-- Exercise prompt --
From the listing below, reproduce exactly the lines starting with the one with "Get this artwork" and going on through the one with "Шарф Twinset 70x200", both ends kept. No picture is copied.

-- Material for the task --
'''
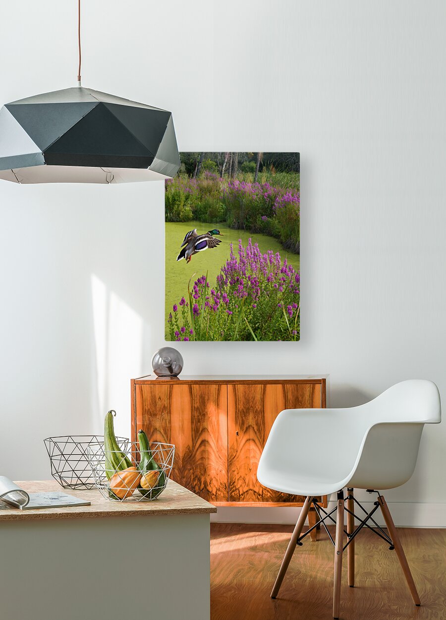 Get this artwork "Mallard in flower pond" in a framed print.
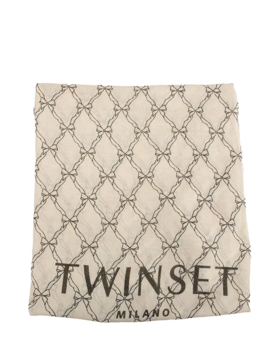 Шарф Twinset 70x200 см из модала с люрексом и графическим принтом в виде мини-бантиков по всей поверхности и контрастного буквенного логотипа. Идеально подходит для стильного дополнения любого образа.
'''
'''
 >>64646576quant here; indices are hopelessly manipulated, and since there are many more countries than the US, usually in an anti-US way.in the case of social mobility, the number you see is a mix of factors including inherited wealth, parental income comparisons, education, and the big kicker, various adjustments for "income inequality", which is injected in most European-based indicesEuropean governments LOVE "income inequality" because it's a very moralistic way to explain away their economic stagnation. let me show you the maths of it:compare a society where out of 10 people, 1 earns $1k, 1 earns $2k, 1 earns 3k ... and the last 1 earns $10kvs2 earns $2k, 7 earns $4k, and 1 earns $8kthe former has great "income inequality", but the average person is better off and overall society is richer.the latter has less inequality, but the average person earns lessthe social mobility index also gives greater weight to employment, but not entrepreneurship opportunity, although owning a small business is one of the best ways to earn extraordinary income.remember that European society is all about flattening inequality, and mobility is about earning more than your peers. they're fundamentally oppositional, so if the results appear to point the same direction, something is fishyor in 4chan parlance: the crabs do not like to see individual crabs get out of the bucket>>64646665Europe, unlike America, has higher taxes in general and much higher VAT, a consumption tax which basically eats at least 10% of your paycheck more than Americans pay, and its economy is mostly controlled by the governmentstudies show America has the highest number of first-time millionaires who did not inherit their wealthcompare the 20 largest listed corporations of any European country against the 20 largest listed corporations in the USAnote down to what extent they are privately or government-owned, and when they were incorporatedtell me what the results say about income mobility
'''
-- Exercise answer --
 Get this artwork "Mallard in flower pond" in a framed print.
 Шарф Twinset 70x200 см из модала с люрексом и графическим принтом в виде мини-бантиков по всей поверхности и контрастного буквенного логотипа. Идеально подходит для стильного дополнения любого образа.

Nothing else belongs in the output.